▶ Task goal: Once the line holding "Expertly handcrafted with" appears, repeat it and each line after it to the end of the data, exactly and with nothing else; pictures stay out.

▶ Source material:

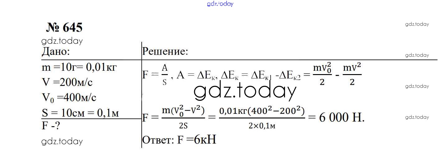 На страницах сайта gdz.today вы найдете учебный и вспомогательный материал, направленный на улучшения знаний школьной программы. ГДЗ - онлайн мир знаний Работа и мощность. Энергия Решение. 7 класс 645 Сборнику задач по Физике для 7-9 класса Перышкин, Лонцова Экзамен УМК 2016
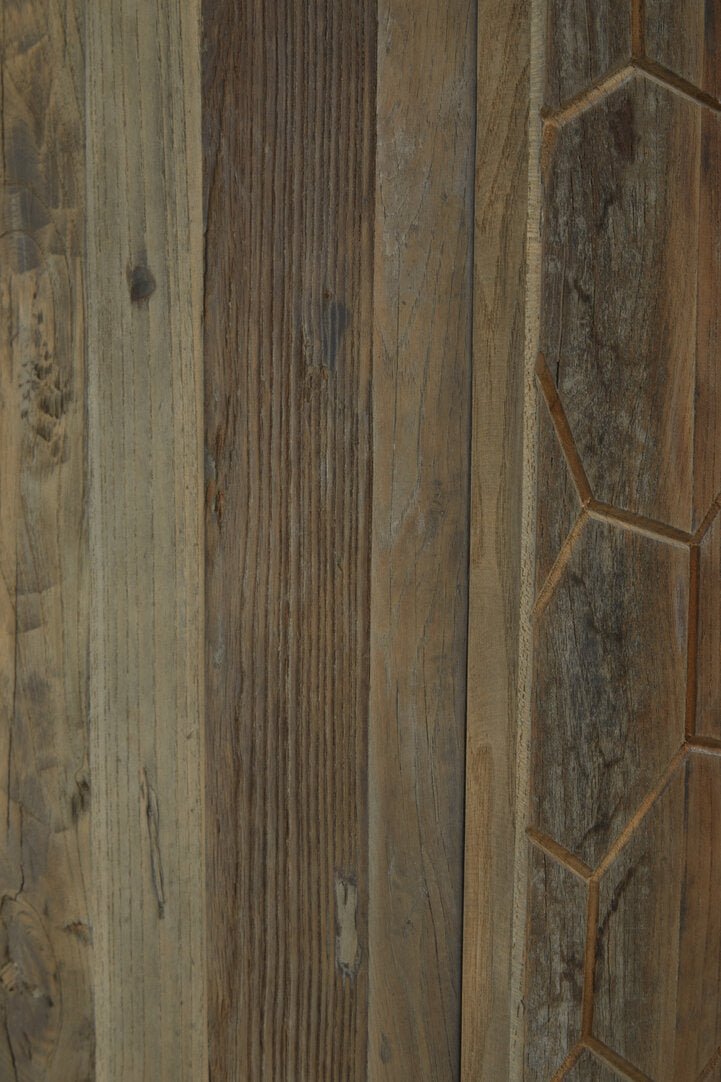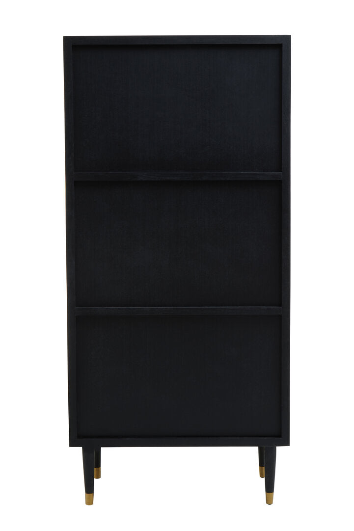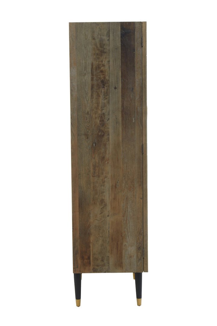 Expertly handcrafted with recycled elm wood, this cabinet has a carved effect wood face that accentuates a sense of texture with the geometric patterns. Black finish wooden legs contrast the natural accent of the understated top.
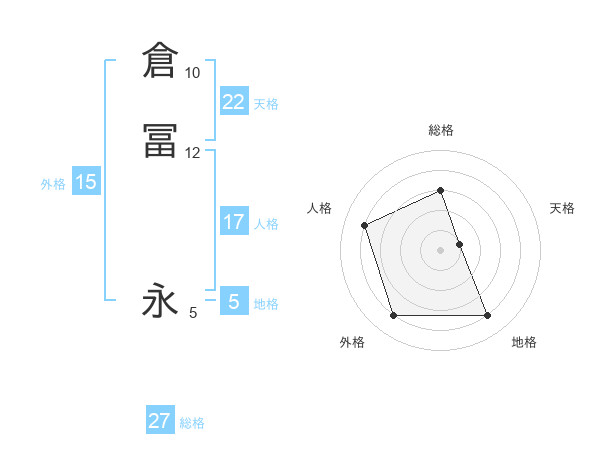 倉冨 永さんの総格は27画の3点!

▶ Output:
 Expertly handcrafted with recycled elm wood, this cabinet has a carved effect wood face that accentuates a sense of texture with the geometric patterns. Black finish wooden legs contrast the natural accent of the understated top.
 倉冨 永さんの総格は27画の3点!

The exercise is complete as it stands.